A BE36 Instructor took the aircraft from his Trainee on short final because of a runway misalignment during a single engine approach. The landing gear warning horn was disregarded earlier and in the confusion of the trainee's approach difficulty the gear was not lowered before landing.

Date: 2009-08 · Aircraft: Bonanza 36 · Phase: landing

Anomalies: deviation-discrepancy-procedural-published-material-policy|ground-event-encounter-gear-up-landing|inflight-event-encounter-unstabilized-approach

Synopsis

A BE36 Instructor took the aircraft from his Trainee on short final because of a runway misalignment during a single engine approach.

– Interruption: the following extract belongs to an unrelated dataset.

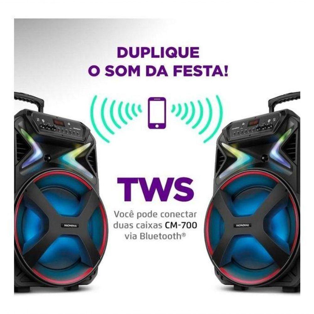 Caixa Amplificada Mondial Connect Lights Plus CM-700 Preto BivoltCaixa de Som Amplificada Mondial Connect Lights Plus CM-700A Caixa de Som Amplificada Multiuso Connect Lights Plus CM-700 é perfeita para levar a festa com você! Com 700W RMS de potência e alto-falante de 15 polegadas, oferece som potente e versátil. Conta com conexão Bluetooth, entrada USB, entrada auxiliar, entrada para microfone e guitarra, além de rádio FM e bateria interna recarregável, permitindo levar o som para qualquer lugar. Pode ser recarregada na tomada 127V ou 220V (bivolt) e também possui entrada 12V DC para conectar em baterias externas, como no carro.Com o Bluetooth, você toca músicas diretamente do celular sem fios. Já a tecnologia TWS (True Wireless Stereo) permite conectar duas caixas CM-700 via Bluetooth, duplicando a potência do som. O display digital facilita a visualização das funções, e as luzes Flash Light tornam o ambiente ainda mais animado.Destaques do ProdutoMúltiplas conexões: USB, auxiliar, microfone e guitarra.Bluetooth: conecte celular ou serviços de streaming sem cabos.Alto-falante de 15” para graves potentes.Função TWS: conecte duas CM-700 via Bluetooth, sem fios.Flash Light: luzes coloridas que piscam e animam o ambiente.Bateria interna recarregável e bivolt.Entrada 12V DC: conecte em baterias externas (ex.: carro).Rodinhas e alça retrátil para fácil transporte.Rádio FM estéreoDisplay digital para melhor visualização das funções.Compatibilidade: microfone, celular, notebook, TV, violão, guitarra, teclado e mais.Informações TécnicasModelo: CM-700Cor: Preto/VermelhoPotência: 700WBluetooth: SimFunção TWS: SimBateria interna recarregável: SimEntrada para bateria externa: SimEntrada e saída de áudio (L/R): SimEntrada USB: SimEntrada auxiliar: SimEntrada Micro SD Card: NãoEntrada para microfone: SimEntrada para instrumentos musicais: SimDisplay digital: SimRádio FM: SimEqualizador digital: SimFunção troca pasta: SimFunção gravar: SimVolume independente para microfone: SimVolume independente para guitarra: SimFunção eco: SimControle de grave e agudo: SimRodas para transporte: SimAlça para transporte: SimFlash Light: SimEntrada para tripé: SimControle remoto: NãoVoltagem: BivoltItens inclusos: 01 Caixa amplificada + Manual de instruçõesDimensões e PesoAltura: 70 cmLargura: 42 cmProfundidade: 39 cmPeso: 11,4 kgEAN: 7899882312799Garantia12 meses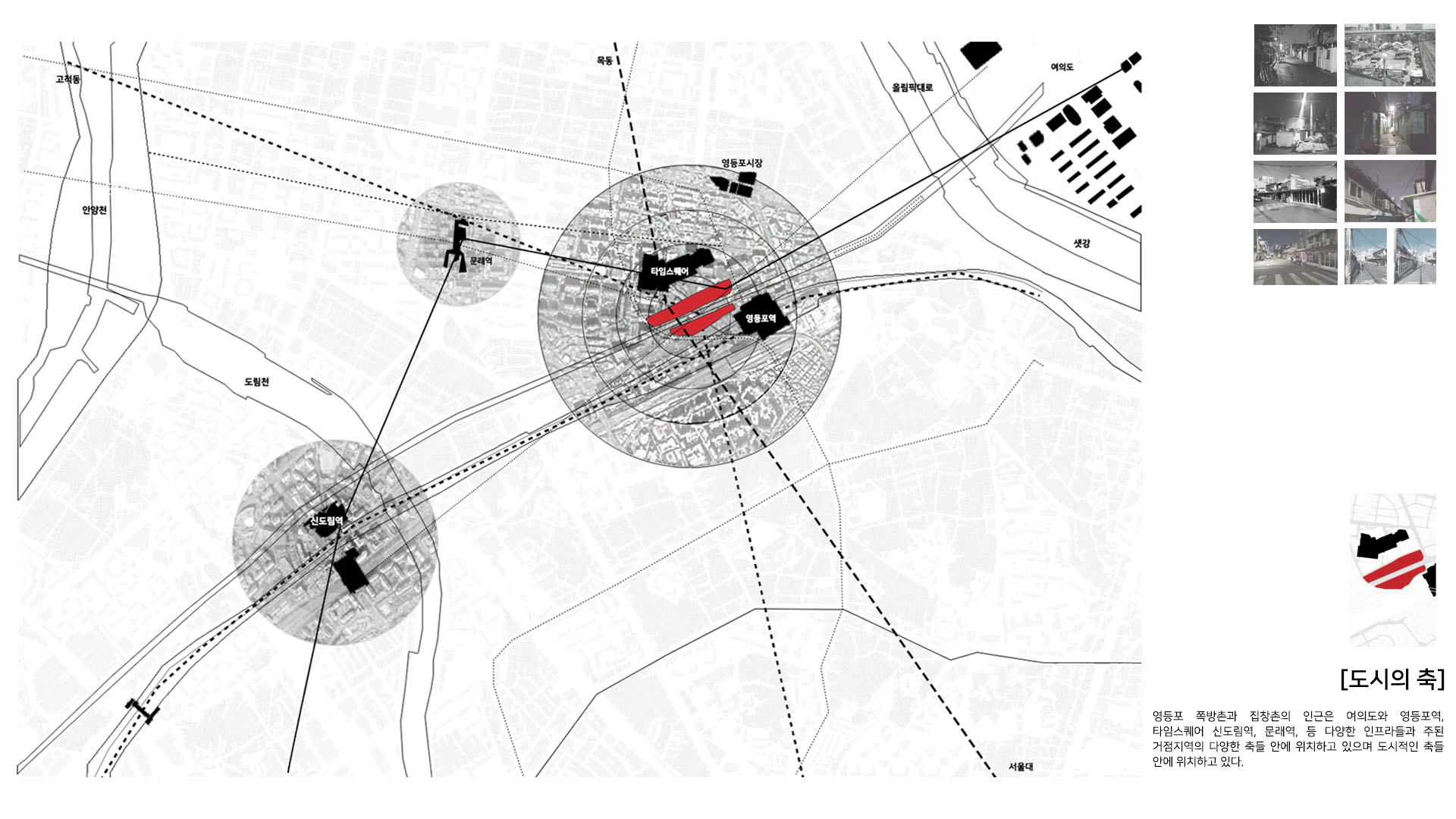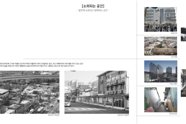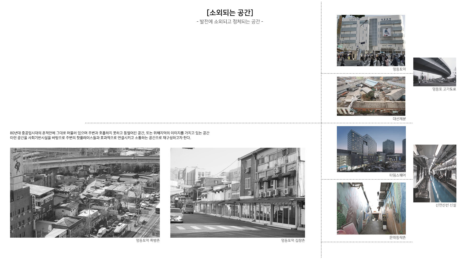 영등포 쪽방촌과 집창촌 역시 영등포 인근에서 위해지역, 혹은 청소년 출입금지구역으로 지정되어 도시미관을 해치고 있다. 또한 주변공간과 명백하게 단절되어 있을 뿐만 아니라, 연계가 되지 못하고 동떨어져 있다. 그리하여 점점 정체되어 가고 있는 것이다.

The landing gear warning horn was disregarded earlier and in the confusion of the trainee's approach difficulty the gear was not lowered before landing.

Narrative

We were practicing simulated engine failure and forced landing over the airport. The gear up warning was on all the time as soon as I reduced the power to idle. Because the wind was drifting the airplane towards the runway and the airspeed was too high just before base turn; I knew that if he kept his present airspeed the aircraft will overshoot the final. As we started the base turn; I instructed the trainee to reduce the airspeed and set the flaps to approach. Soon after that I told the trainee to set the flaps to landing position. But the aircraft overshot the final. The trainee tried to make a correction; which was too big. I took over the control and corrected the drift. It was over the numbers when the drift was corrected so I decided to hold on to the controls and land the aircraft. I was concentrating so much on aligning the aircraft that I did not hear the gear warning horn after the base turn and had no idea that the gear was up. The aircraft landed gear up and then I heard the horn again.